One article understands Python file reading error UnicodeDecodeError: 'gbk' codec can't decode byte

Problem Description:

Here is a very simple example of reading and printing the contents of a file:

with open('test.txt', 'r') as f:
    contents = f.read()

print(contents)

In the test.txt text file, there is only one word `you`:

test.txt

However, when we run this code, we get the following error:

Error:

UnicodeDecodeError: 'gbk' codec can't decode byte 0xa0 in position 2: incomplete multibyte sequence

analyse problem:

  1. First of all we have to know what this error means.
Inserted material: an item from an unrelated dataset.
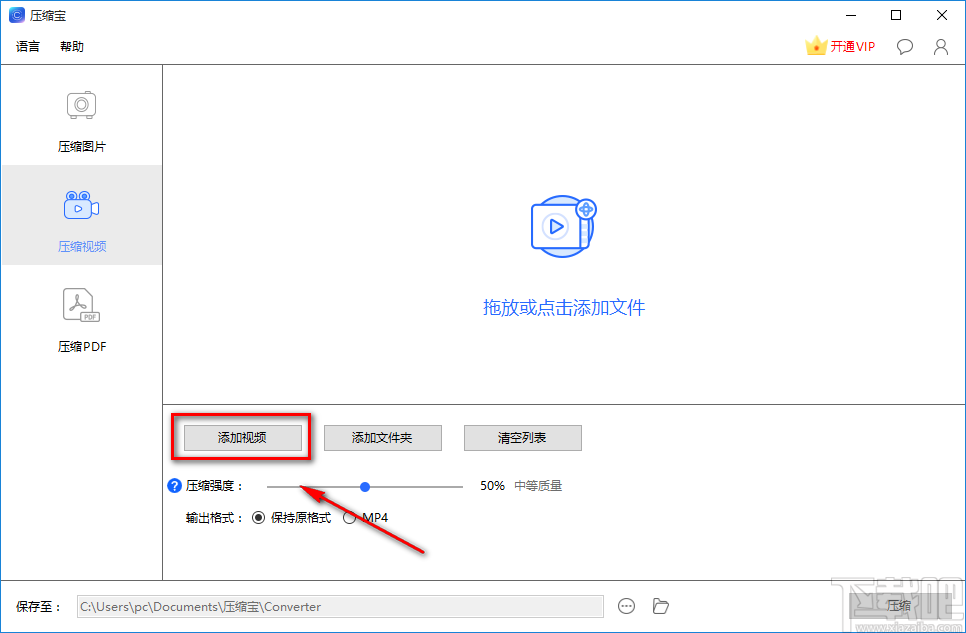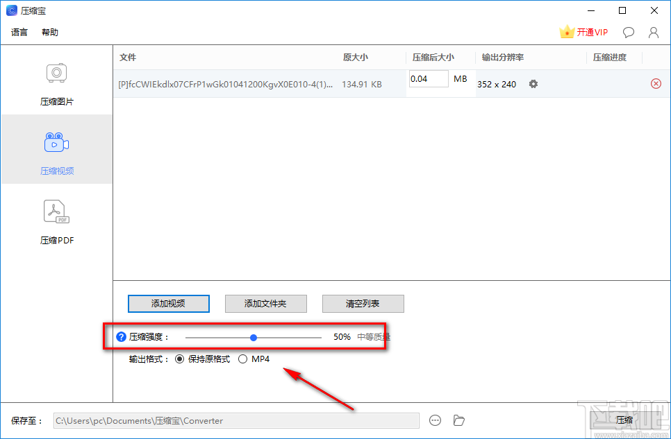 4.将视频文件添加到软件后,我们在界面左下角找到“压缩强度”选项,根据自己的需要,拖动其后方的小圆光标对压缩强度进行调整。

The translation of the error report is:

Unicode decoding error: 'gbk' codec can't decode byte 0xa0 in position 2: incomplete multibyte sequence

  1. By understanding the error message, we know that this is a decoding error . To analyze this error, we must first have a basic understanding of Python's character encoding.
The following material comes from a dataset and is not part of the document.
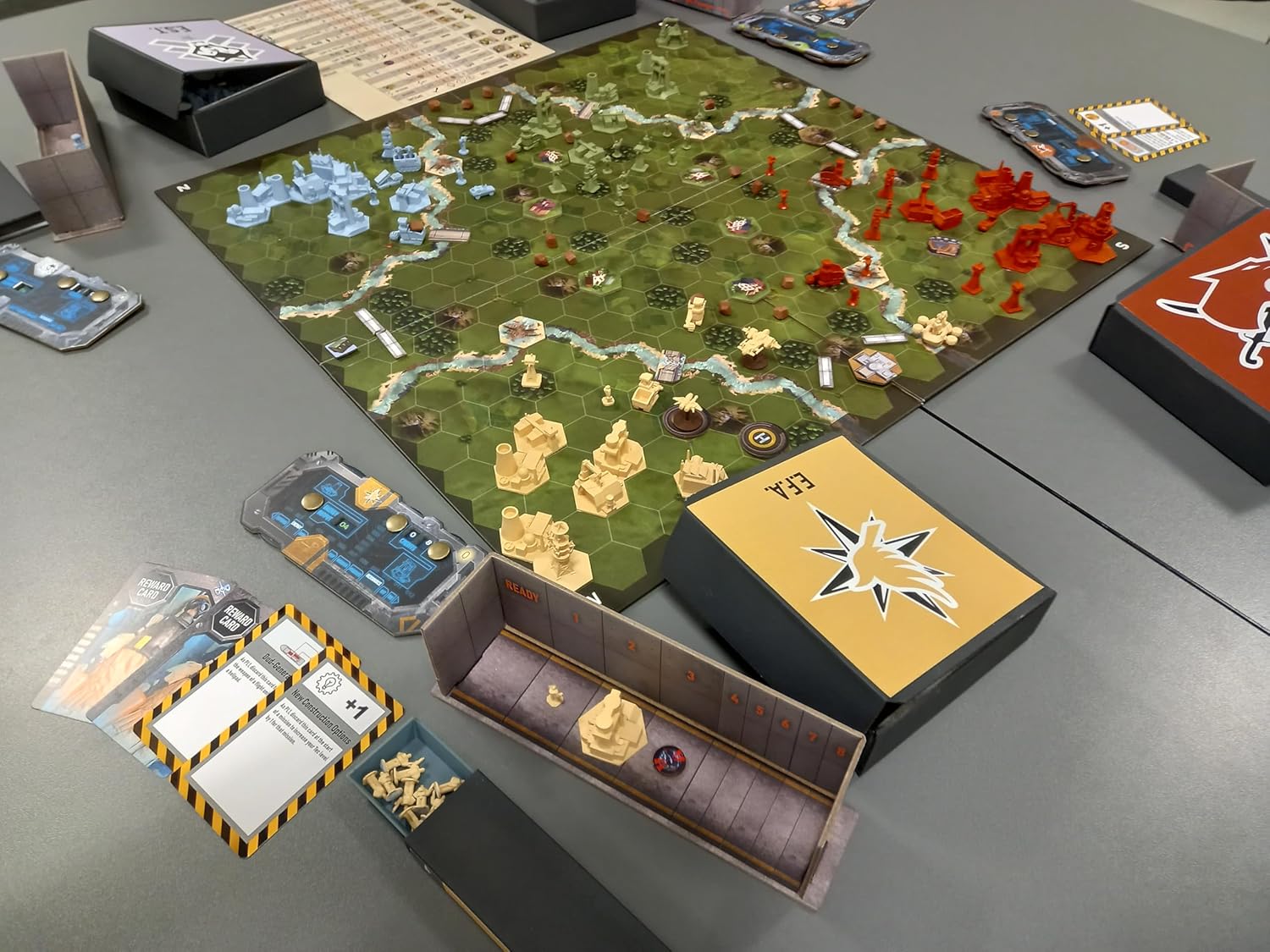 Dominate & Delegate was inspired by the video game Command & Conquer. Dominate & Delegate is a tactical game with a role-playing feeling. The game features resource gathering, base building, energy management, fog of war, combat, capturing system, transport units, special units, a reward system, and role-playing elements. The combat system involves no luck or hit point management. It was designed to be played very quickly but tactically with the figures There are outdoor missions and indoor missions. Indoor missions are escape-the-room-like dungeon crawlers. 1-4 players. 72 plastic building figures in 4 different colors 200 plastic unit figures in 4 different colors 40 plastic resource figures 1 foldable double-sided hex spaces board 11 outdoor tiles 17 indoor tiles 4 resource indicators 79 game cards Many tokens Skirmish mode Campaign mode

For the problem of Python character encoding, you can take a look at my blog post:

One article to understand Python character encoding (encoding method, garbled characters and error reasons) - Programmer Sought

In this blog post, I not only introduced the character encoding, but also analyzed the specific reasons for this error, but here we mainly discuss the solution, so I won’t go into details. For details, please refer to Sections 3 and 4 of this article.

  1. Now we know that this error is because when we use gbk (Windows platform, the default encoding is gbk) to decode the text, there is an extra byte that cannot be decoded. gbk encodes a Chinese character into 2 bytes , that is, every two bytes can be decoded into a Chinese character, and one byte cannot be decoded, so an error is reported, which also explains the following error message: incomplete multibyte sequence ( incomplete multibyte sequence ).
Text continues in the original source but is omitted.